Results: In PLEVA, immunohistochemical studies revealed that infiltrated lymphocytes consisted of mainly CD3-positive (5+), CD8-positive (4+~5+), CLA-positive (4+~5+) T cells and partly CD79 positive (+~2+) B cells. CD4-positive T cells were less than 25%. In LyP, immunohistochemical studies revealed that infiltrated lymphocytes consisted of partly CD3-positive (5+), CD8-positive (2+~3+), CLA-positive (3+~4+) T cells and partly CD79-positive (2+~3+) B cells. CD4-positive T cells were less than 10%. CD8 and CLA were more strongly expressed in PLEVA than in LyP. CD30 was strongly expressed in LyP but not expressed in PLEVA. CD79 was more expressed in LyP than in PLEVA. TIA-1 was not expressed in any cases. In situ hybridization using antisense EBER probe showed negative reaction in all cases.

Conclusions: Immunohistochemical stains for CD8, CD30, CD79 and CLA may be valuable tools in the differential diagnosis between PLEVA and LyP. TIA-1 was negative in LyP, which means cytotoxic cells may not be implicated in the pathogenesis of LyP. It was a contradictory result to the previous results. The absence of EBV in PLEVA and LyP suggests that this virus may not be operative in the pathogenesis of these diseases. These results suggest that LyP and PLEVA are separate disorders, thus accounting for their variable prognosis.

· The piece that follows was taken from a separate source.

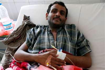 2019年4月15日,也门萨那一家医院,霍乱患者在接受治疗。图|新华社发(穆罕默德摄)

Atypical manifestations of pityriasis lichenoides chronica: development into paraneoplasia and non-Hodgkin lymphomas of the skin

Dermatology. 1992;184:65-69.

Rare case of PLC evolving to a malignant lymphoma


Medium-dose ultraviolet A1 therapy for pityriasis lichenoides et varioliformis acuta and pityriasis lichenoides chronica.

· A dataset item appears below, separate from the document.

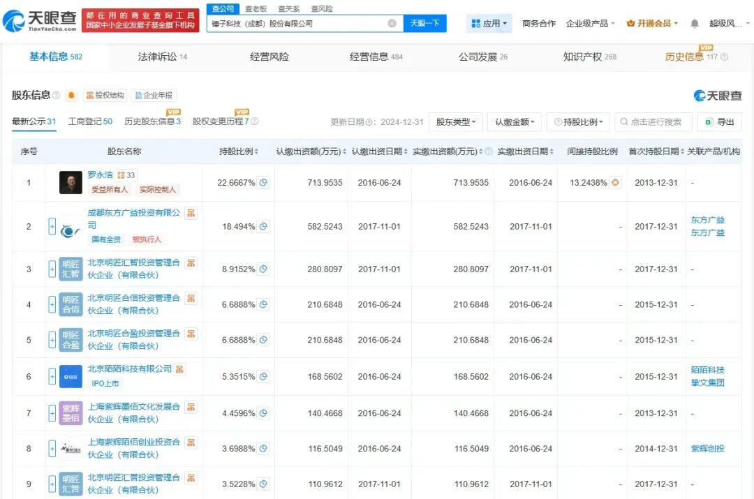 股东信息显示,该公司由罗永浩、成都东方广益投资有限公司、北京明匠汇智投资管理合伙企业(有限合伙)等共同持股。任职信息显示,罗永浩在该公司担任董事长并持股约23%。此前,该公司因未履行2142万元案款,已被列为失信被执行人(老赖)。

Pinton PC, Capezzera R, Zane C, De Panfilis G.

Department of Dermatology, Azienda Spedali Civili di Brescia, Brescia, Italy.

J Am Acad Dermatol 2002 Sep;47(3):410-4 Abstract quote

BACKGROUND: Ultraviolet A1 (340-400 nm) was found to be effective in the treatment of cutaneous T-cell-mediated diseases.

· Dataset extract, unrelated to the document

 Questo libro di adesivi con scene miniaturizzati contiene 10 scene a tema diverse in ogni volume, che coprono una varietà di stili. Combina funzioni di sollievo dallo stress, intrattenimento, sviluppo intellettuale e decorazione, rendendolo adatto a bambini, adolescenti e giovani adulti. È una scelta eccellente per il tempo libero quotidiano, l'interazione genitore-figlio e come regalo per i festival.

OBJECTIVE: The purpose of the present study was to assess the efficacy of UVA1 phototherapy for pityriasis lichenoides et varioliformis acuta (PLEVA) and pityriasis lichenoides chronica (PLC).

METHODS: Eight patients (3 with PLEVA and 5 with PLC) received 60 J/cm(2) UVA1 daily until remission. Four patients also had lesions inaccessible to UVA1 that were used as control lesions. Immunocytologic studies of skin infiltrates and circulating T cells were done.

RESULTS: Six patients showed complete clinical and histologic recovery. Two patients with PLC had a partial improvement. Unirradiated control lesions never improved. Serious short-term adverse effects were not encountered. No effects on circulating lymphocytes were reported.

CONCLUSION: UVA1 therapy is an effective and well-tolerated treatment for PLEVA and PLC. The therapeutic activity seems to be related to direct effects on cutaneous inflammatory infiltrates because the lesions in nonexposed cutaneous areas did not respond.